Duplice omicidio a Milano, a Bruzzano: la ricostruzione e le indagini

La sparatoria è avvenuta in mezzo alla strada, a pochi chilometri dal centro di Milano

La scena del primo omicidio

Il giorno dopo il duplice omicidio in strada a Milano (Bruzzano), i carabinieri del Comando provinciale, guidati dal tenente colonnello Biagio Storniolo, provano ricostruire i fatti che hanno sconvolto il quartiere alla periferia Nord della città (video 1 e video 2).

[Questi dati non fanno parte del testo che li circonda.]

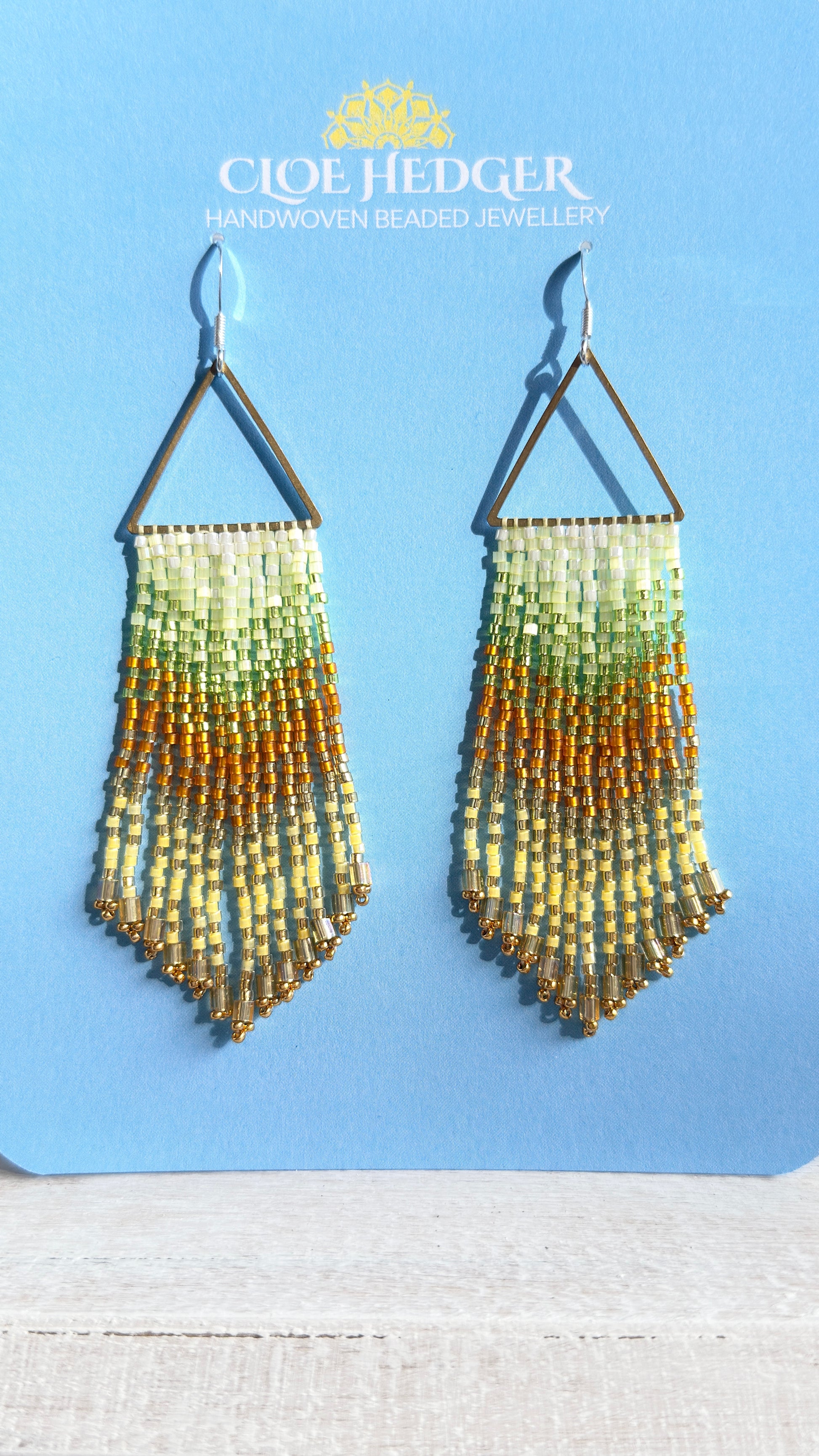 Handwoven beaded fringe earrings. Made with Japanese Miyuki glass beads.

Intorno alle 20.45 di giovedì diversi cittadini hanno telefonato al 118 raccontando della presenza di un ferito in piazza Giustino Fortunato, i soccorritori arrivano sul posto ed effettivamente trovano un uomo, ma è già morto. Si tratta di un cittadino albanese pregiudicato di 41 anni, Arben Kthella, ucciso con vari colpi di pistola, alcuni al torace e uno alla testa. Sul posto i militari ritroveranno 5 bossoli.

Pochissimi minuti dopo, alle 21, il 118 riceve la segnalazione di una persona ferita in via Luigi Angeloni, si tratta di Mondi Kthella, 38 anni, albanese, pregiudicato e cugino di Arben. E' stato ferito all'addome da un colpo di pistola ma si è salvato scappando a piedi al momento dell'esecuzione di pochi minuti prima in piazza Fortunato. Portato d'urgenza al Fatebenefratelli, se la caverà e a questo punto sarà un testimone chiave.

Quasi in contemporanea, alle 21.01, il 118 riceve varie chiamate che raccontano di un uomo a terra, sul marciapiedi, in via Marna. I paramedici non fanno in tempo a soccorrere l'egiziano Ibrahim Shalala di 46 anni, colpito con tre colpi al torace, era già deceduto al loro arrivo. L'uomo, regolare in Italia, aveva un lavoro saltuario ma non era noto alle forze dell'ordine.

Le prime testimonianze raccolte dagli uomini del nucleo investigativo, concordano sul fatto che in piazza Fortunato c'erano tre uomini e che uno di loro ha sparato contro gli altri due vari colpi di pistola, prima di fuggire a bordo di un'automobile Opel Corsa. Per questo viene diramato un comunicato a tutte le forze dell'ordine con la descrizione dell'auto e del soggetto.

Alle 22.30, mentre a Bruzzano si facevano ancora i rilievi, sentendo testimoni e recuperando i filmati delle telecamere di videosorveglianza, a San Zenone al Lambro, nell'area di servizio sulla Autosole in direzione di Bologna, la polizia stradale nota un uomo appoggiato ad un'auto come quella ricercata. Gli agenti si avvicinano a lui per controllarlo ma prova a scappare. Bloccato, in auto viene rinvenuta una pistola calibro 9 sotto il sedile, verosimilmente, compatibile con quella usata per gli omicidi.

L'uomo, un albanese di 38 anni, pregiudicato, è stato fermato per porto abusivo d'arma da fuoco ma non è al momento accusato di omicidio: si attendono i risultati degli esami balistici.

Le ipotesi al vaglio dai carabinieri del Nucleo investigativo sono quelle della lite per futili motivi o quella di un regolamento di conti tra criminali di basso rango. Resta da capire cosa c'entrasse, e perché è stato ucciso, l'egiziano che, secondo i primi riscontri, non si trovava in piazza e quindi non era presente nella 'lite' iniziale.